**Prompt**
Give again, exactly as written, the lines of the records below from the line with "パダンバイ港ご利用【2025/9/1~2026/3/31までの料金】" to the line with "Each 30 minute". Both end lines count; pictures do not.

++++ Recorded information

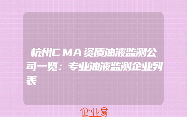 - 杭州CMA资质油液监测公司一览:专业油液监测企业列表
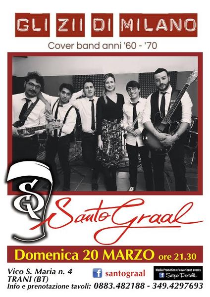 Oggi al Santo graal di Trani in vico Santa Maria 4 alle 21.30 «Gli zii di Milano» cover band anni '60 - '70. Da Battisti a Mina, da Nada a Gianni Morandi, i più grandi successi rivisitati in chiave moderna.
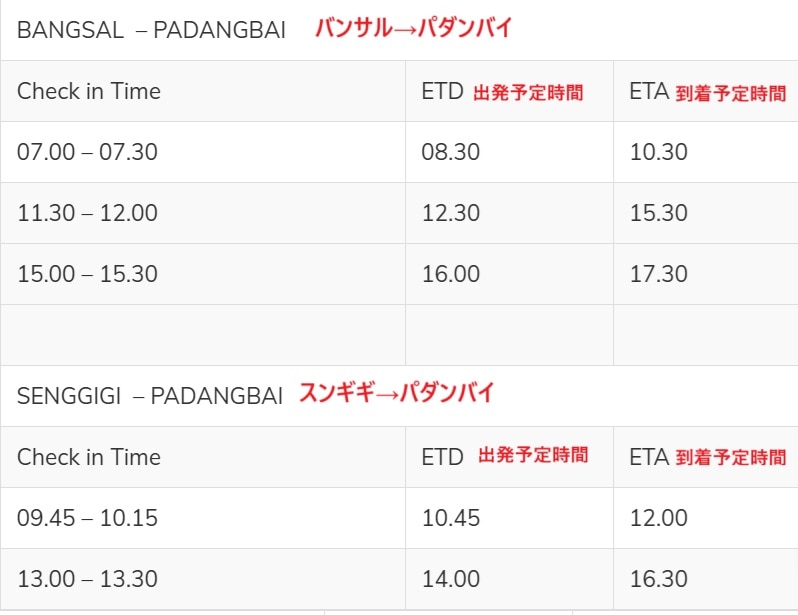 パダンバイ港ご利用【2025/9/1~2026/3/31までの料金】
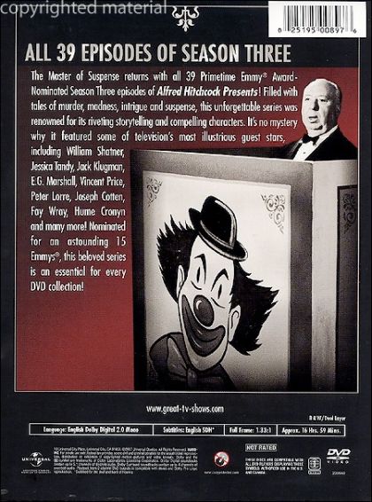 Each 30 minute episode included opening and closing vignettes featuring Hitchcock who would often explain some aspect of the day's show and would often offer subtle (or not so subtle) jabs at the shows sponsors.
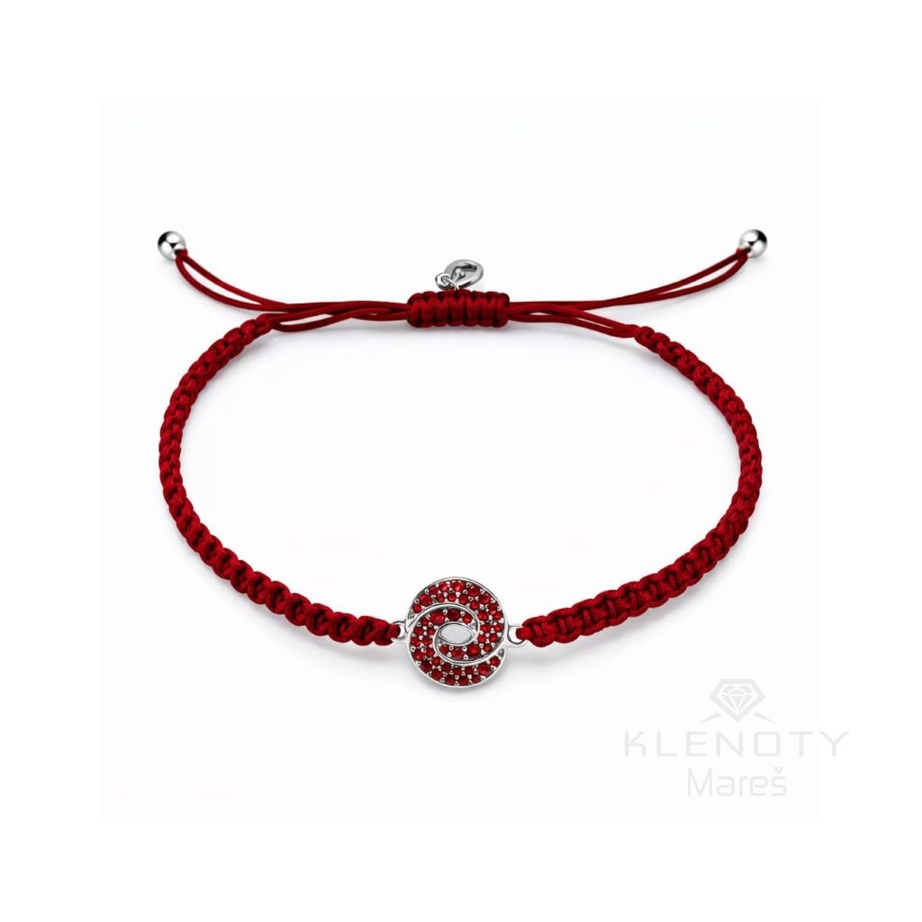 Stříbrný minimalistický náramek na šňůrce osázený Českým granátem.
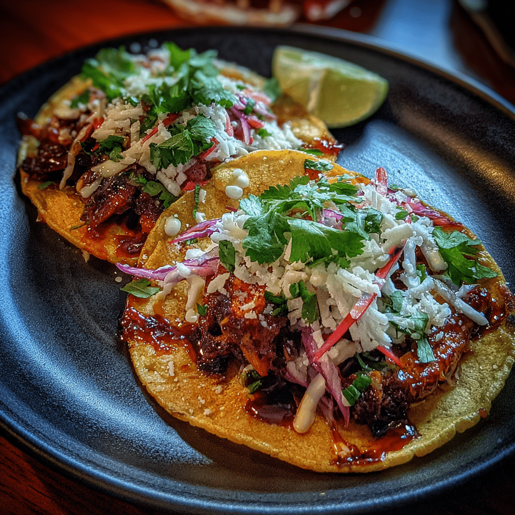 Hi, I’m Sam from dishfoody.com, where comforting classics get a fresh twist. Garlic Butter Honey BBQ Tacos glaze thin beef strips in sticky honey-BBQ reduction finished with garlic butter brush for sweet-smoky crunch wrapped in soft corn tortillas.
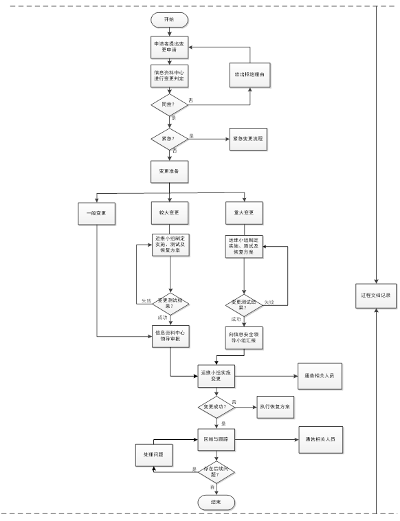 Ø 较大变更:信息中心制定变更实施、测试及恢复方案,并在测试系统中进行测试验证,验证通过后,交由运维小组执行变更。
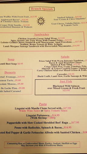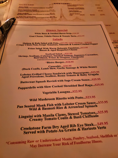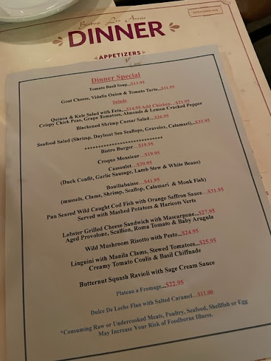 Wait staff were attentive and accomodating. Atmosphere was comfortable and inviting. Food was fresh and tasty. Very typical French ambience, they did not rush you. Menu was small but with adequate choices and selections you would expect in a french bistro.
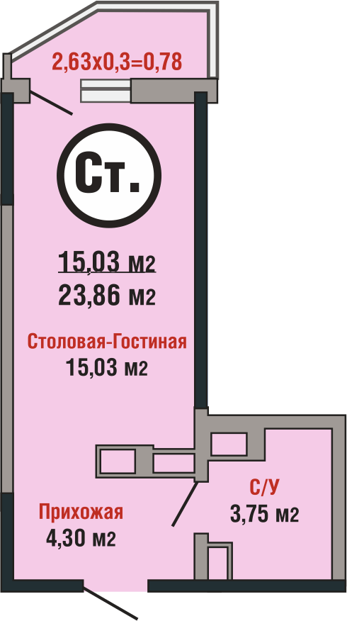 Общая площадь 23.1 м2
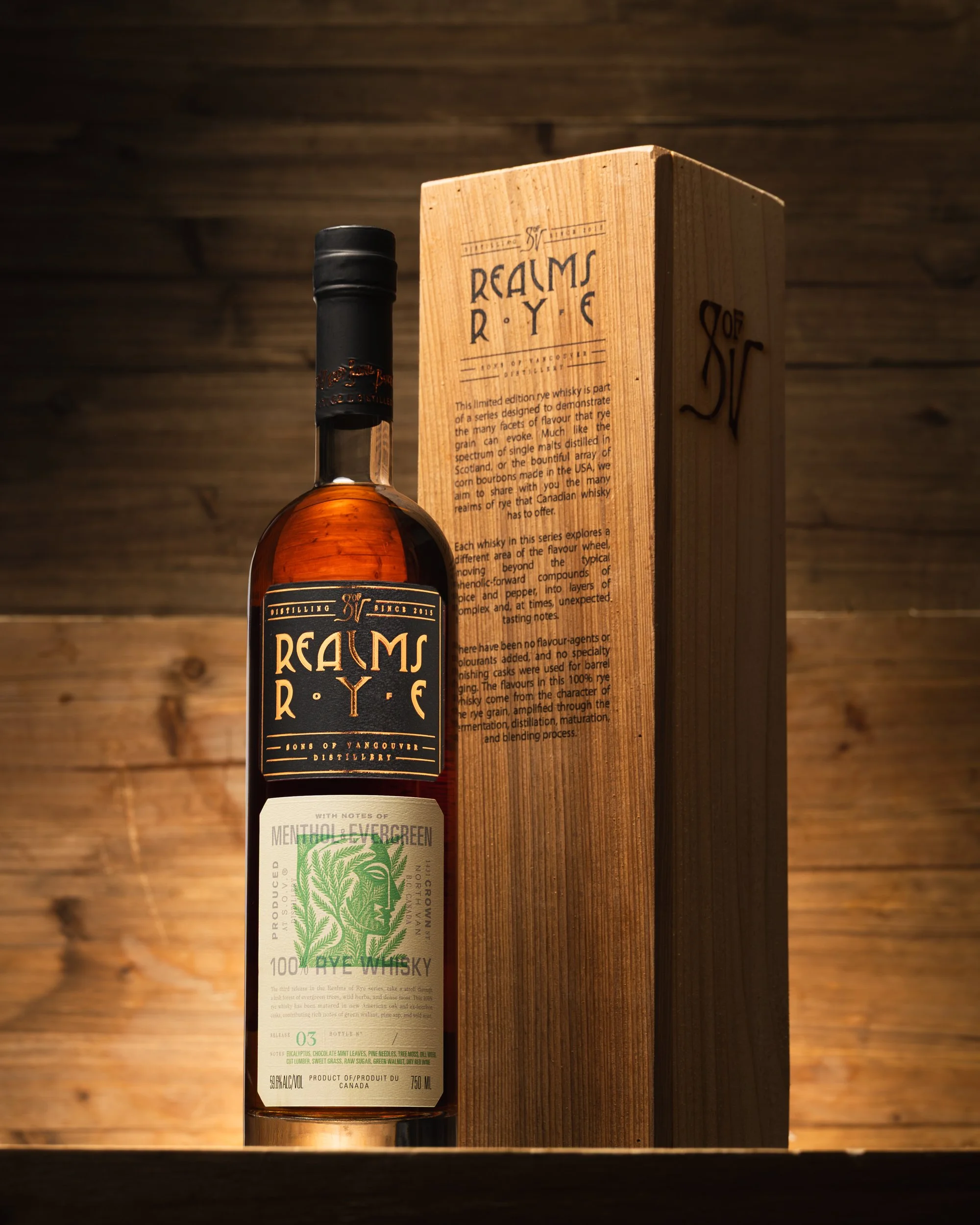 The first release in the Realms of Rye series, this 100% rye whisky was aged in ex-bourbon and new American oak casks. With tasting notes of orange peel, coriander seed, black tea, and raw sugar, this expression marks the beginning of an explorative journey into the diverse flavour spectrum of Canadian rye whisky.
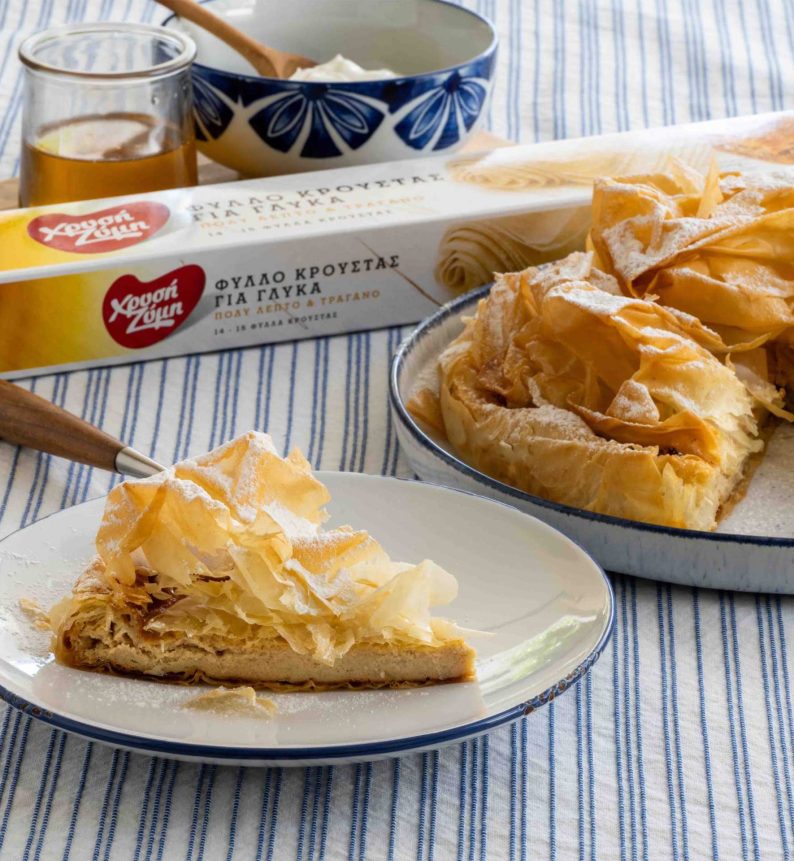 Απλώνετε ένα-ένα τα 4 φύλλα κρούστας, στο κάθε ταψάκι, αλείφοντας το κάθε ένα ξεχωριστά με το λιωμένο βούτυρο. Μοιράζετε ισομερώς το μείγμα στα 2 ταψάκια και το απλώνετε καλά σε όλη την επιφάνεια τους.

++++++++

**Answer below**
 パダンバイ港ご利用【2025/9/1~2026/3/31までの料金】
 Each 30 minute episode included opening and closing vignettes featuring Hitchcock who would often explain some aspect of the day's show and would often offer subtle (or not so subtle) jabs at the shows sponsors.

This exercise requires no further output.